Rosa perched herself on the edge of the nearest box, sitting gingerly until she was certain it could take her weight. She’d pushed her sunglasses onto the top of her head, and her usual heavy plait hung over her shoulder. Jude couldn’t help but watch her. What was it about her that drew his eye, even after everything? Even now he knew the risk of getting caught up in Rosa again?

She was beautiful, of course. Maybe even more beautiful than she’d been three years ago. She’d been fresher then, he supposed, but there was a new worldliness about her now that he liked.

The tension he’d noticed on the first day was still there, tight in the lines of her shoulders and her mouth, for all that she kicked her feet casually back and forth. She chewed a pencil as she stared down at her clipboard.

‘Okay, so as far as I can tell, this is what’s happening. The bridal party arrive on the Wednesday, for general wedding prep and whatever it is bridesmaids do before a wedding.’

‘Drink, mostly, I think,’ Jude said. ‘Have you never been a bridesmaid?’

Rosa looked at him as if he were crazy. ‘Aren’t they supposed to organise things and commit to being in the country on the right day and stuff? Who on earth would ask me to do that?’

‘Good point,’ he allowed. Rosa wasn’t the woman you went to for commitment. He had the heartbreak to prove it.

‘Anyway, the groom and his family and groomsmen arrive on Friday night, then the wedding is on the Saturday eve

ning, so that whole day will probably be pretty hellish with last-minute traumas. If you wanted to run, I’d suggest you do it then.’

She was watching him from under her lashes, Jude realised. Waiting to see what his reaction to the idea of leaving was.

Did that mean she wanted him to stay? What had she said last night? Some are worth experiencing twice. Well. If that wasn’t a hint...

‘I’m not going anywhere,’ he said, cursing himself a little as he did so. What was he doing, promising to stay for the woman who’d been running from him for three years?

‘Want to stay and see the ex-girlfriend, huh?’ Rosa asked, and Jude realised he’d actually forgotten for a moment that staying would mean seeing Sylvie.

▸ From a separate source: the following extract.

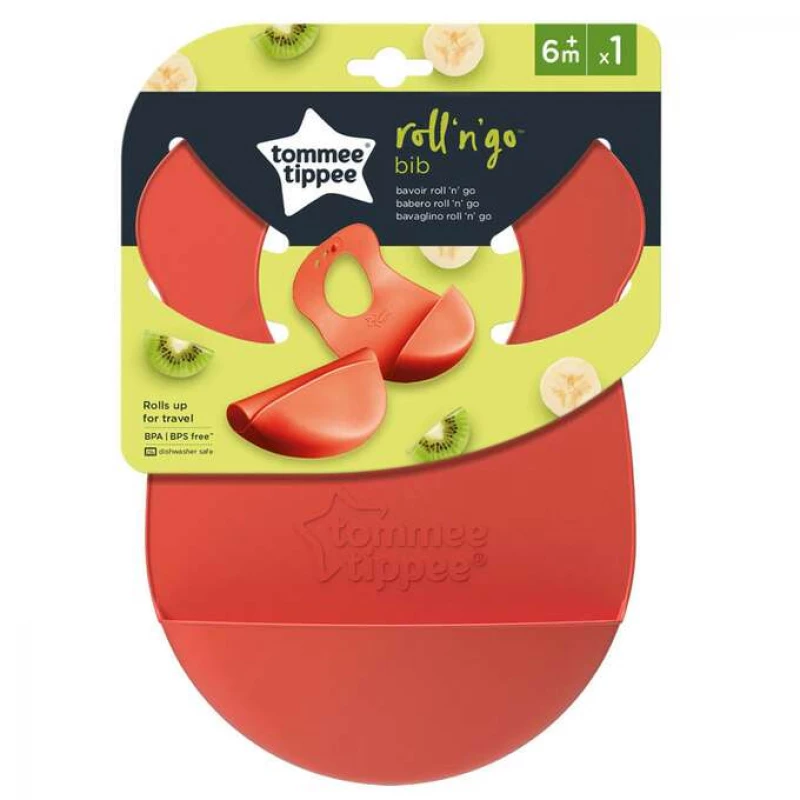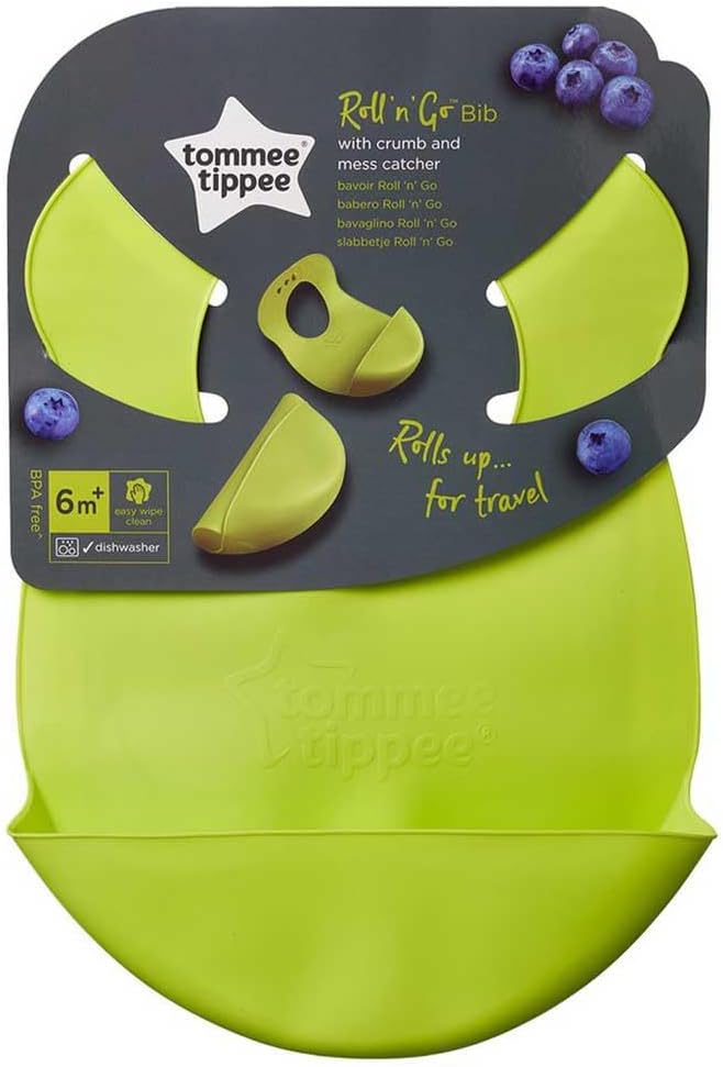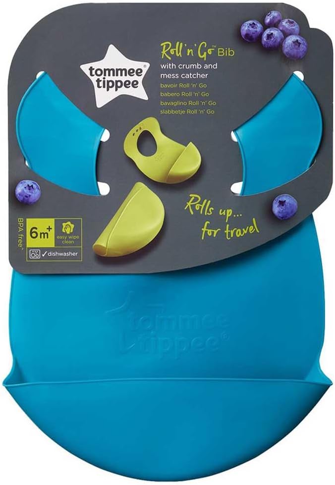 ommee Tippee Roll ‘n’ Go bib is a popular, practical feeding accessory made from soft, flexible, and waterproof material that includes a built-in crumb catcher for less mess. It is designed to roll up for easy storage and portability, making it ideal for use at home or while traveling.

‘Not really.’ Especially since thinking about her still made his blood boil.

‘You said it was a bad breakup?’

‘She fabricated stories about me to sell for the stupid kiss-and-tell book about me.’ Of course, the made-up ones were easier to laugh off than the true, private ones she’d also sold. The ones where she’d talked about Gareth, and his remorse and guilt over his death. The broken promise. Those were the ones that hurt the most.

Gareth was no one’s business except his.